▸ INPUT DATA
====================
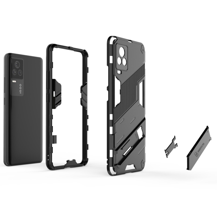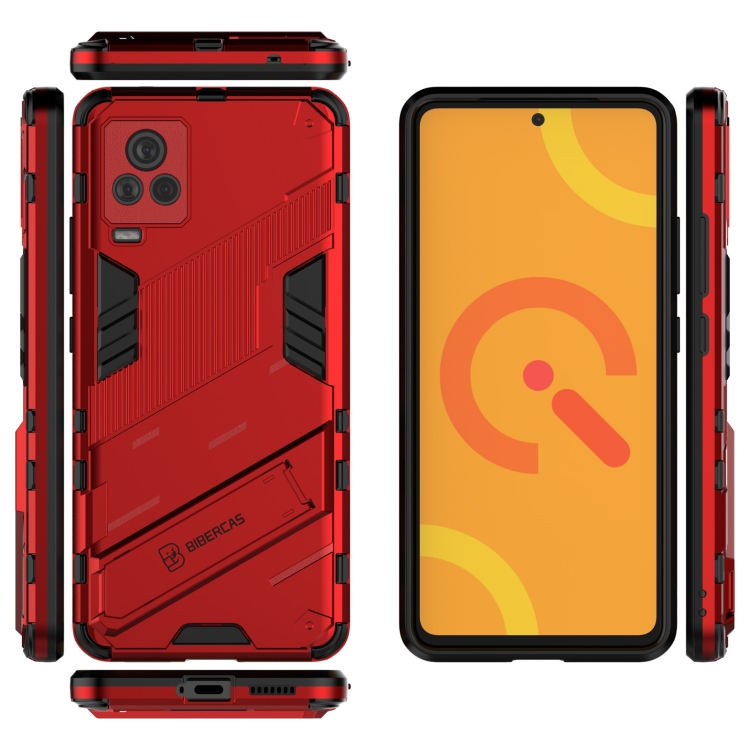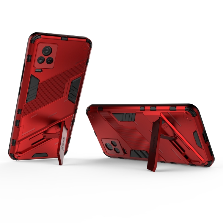 Punk Armor 2 En 1 PC + TPU Funda a Prueba de Golpes con Titular Invisible para Vivo Iqoo 7 (Rojo)
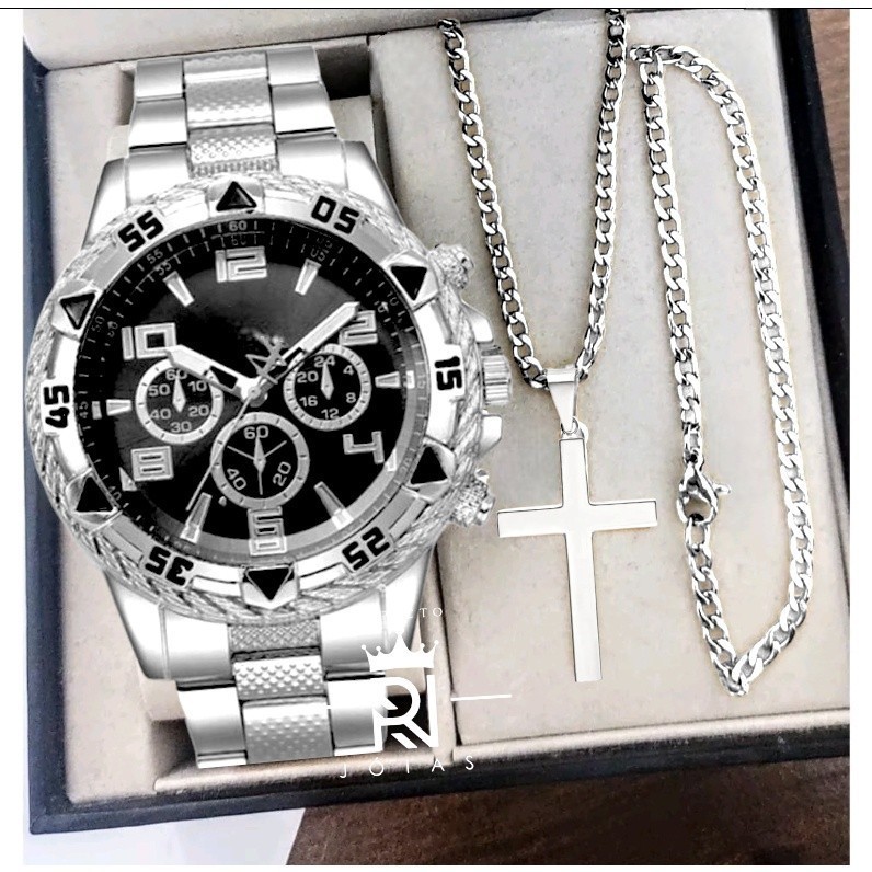 Conjunto relógio + corrente Pingente cruz e pulseira masculino Aço inox Prateado
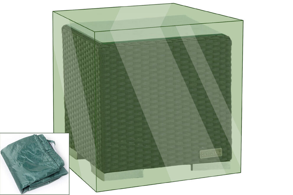 Die PU-beschichtete Abdeckhaube von OUTFLEXX® in Dunkelgrün besteht aus 100% Polyester und ist für alle Garten Beistelltische in der Größe von ca. 40 x 40 cm geeignet. Das integrierte Zugband dient zum Verzurren.
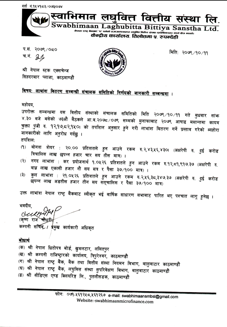 स्वाभिमान लघुवित्तकाे लाभांश घोषणा
====================
Return the data exactly as it stands, minus the pictures.

 Punk Armor 2 En 1 PC + TPU Funda a Prueba de Golpes con Titular Invisible para Vivo Iqoo 7 (Rojo)
 Conjunto relógio + corrente Pingente cruz e pulseira masculino Aço inox Prateado
 Die PU-beschichtete Abdeckhaube von OUTFLEXX® in Dunkelgrün besteht aus 100% Polyester und ist für alle Garten Beistelltische in der Größe von ca. 40 x 40 cm geeignet. Das integrierte Zugband dient zum Verzurren.
 स्वाभिमान लघुवित्तकाे लाभांश घोषणा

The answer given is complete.